Funny how our desire to age is inversely proportional to the years since our birth.
If your birthday party guests have a good sense of humor, you might want to pull out these adaptations below of popular birthday sayings and stories or check out this collection of baby boomer humor:
You're over the hill when your back goes out more than you do.
--Anonymous
Age is strictly a case of mind over matter. If you don't mind, it doesn't matter.
-- Jack Benny
You know you're getting old when you bend down to tie your shoelaces and then think about what else you might do while you're down there.
--George Burns
The generation gap is one war in which everybody eventually changes sides.
-- Cyril Connolly
Dr. Seuss on the golden age
(slightly modified from a bawdier version)
The golden years have come at last,
Why don't I feel this is a blast?
I cannot see, I cannot pee.
I cannot chew.
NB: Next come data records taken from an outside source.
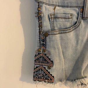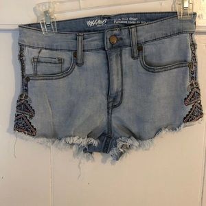 Jean shorts. Pattern running down sides. Open to offers!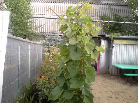 Папа впервые посадил виноград, он уже пополз по арке, и завязей на нем много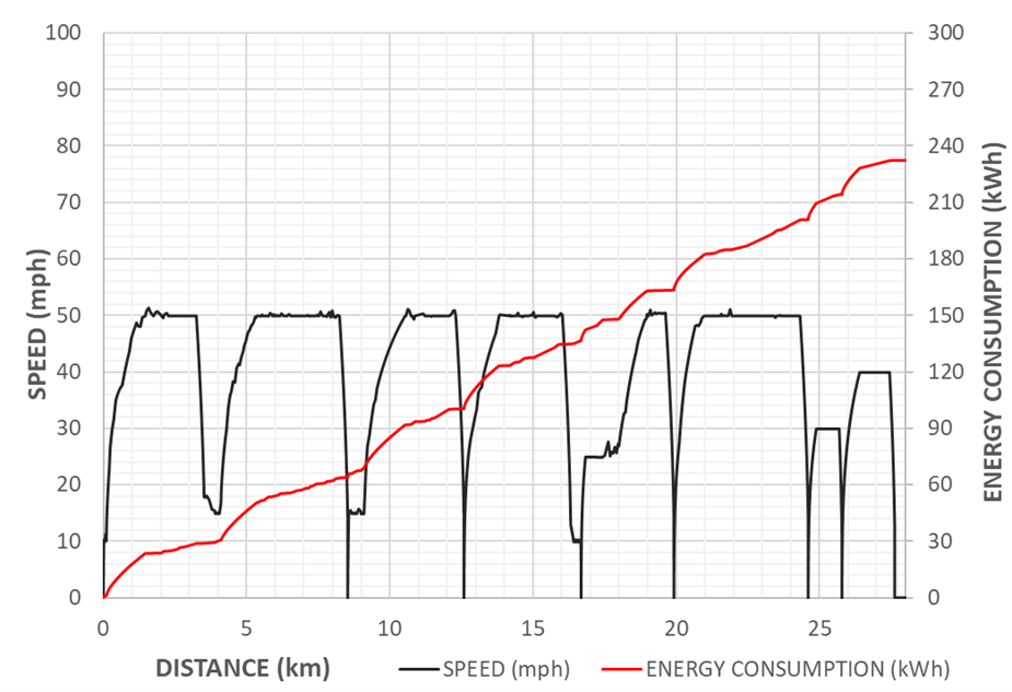 The first challenge was to assess the energy requirement for the route. A model was needed that considered the gradients on the line, friction caused by bends and points, acceleration away from stations and the possibility of unplanned stops at signals.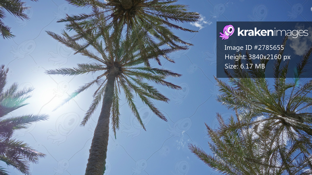 Palm trees swaying under bright sun in clear blue sky, capturing the essence of a sunny mediterranean day in torrevieja, spain.

What can I do?
My memory shrinks. My hearing stinks.
No sense of smell... I look like hell.
My body's drooping, got trouble pooping.
And people ask, "Why am I stooping?"
The golden years have come at last.
The golden years can kiss my ass.
Senior life on the highway
As a senior citizen was driving down the freeway, his cell phone rang. Answering, he heard his wife's voice urgently warning him,
"Herman, I just heard on the news that there's a car going the wrong way on 280. Please be careful."
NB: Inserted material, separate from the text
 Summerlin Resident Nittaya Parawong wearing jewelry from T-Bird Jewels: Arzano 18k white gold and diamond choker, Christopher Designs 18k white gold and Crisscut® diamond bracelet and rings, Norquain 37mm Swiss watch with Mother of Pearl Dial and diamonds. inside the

"Hell," said Herman, "It's not just one car.
It's hundreds of them!"
Anyone who has had any tests at the doctor's office will probably enjoy this story . . .
A woman brought a very limp duck into a veterinary surgeon. As she laid her pet on the table, the vet pulled out his stethoscope and listened to the bird's chest.
After a moment or two, the vet shook his head and sadly said, "I'm sorry, your duck, Cuddles, has passed away."
The distressed woman wailed, "Are you sure?"
"Yes, I am sure. Your duck is dead," replied the vet.
"How can you be so sure?" she protested. "I mean you haven't done any testing on him or anything. He might just be in a coma or something."
The vet rolled his eyes, turned around and left the room. He returned a few minutes later with a black Labrador Retriever. As the duck's owner looked on in amazement, the dog stood on his hind legs, put his front paws on the examination table and sniffed the duck from top to bottom. He then looked up at the vet with sad eyes and shook his head.
The vet patted the dog on the head and took it out of the room. A few minutes later he returned with a cat. The cat jumped on the table and also delicately sniffed the bird from head to foot. The cat sat back on its haunches, shook its head, meowed softly and strolled out of the room.
The vet looked at the woman and said, "I'm sorry, but as I said, this is most definitely, 100% certifiably a dead duck."
The vet turned to his computer terminal, hit a few keys and produced a bill, which he handed to the woman. The duck's owner, still in shock, took the bill. "$250!" she cried, "$250 just to tell me my duck is dead!"
The vet shrugged, "I'm sorry. If you had just taken my word for it, the bill would have been $25, but with the Lab Report and the Cat Scan, it's now $250."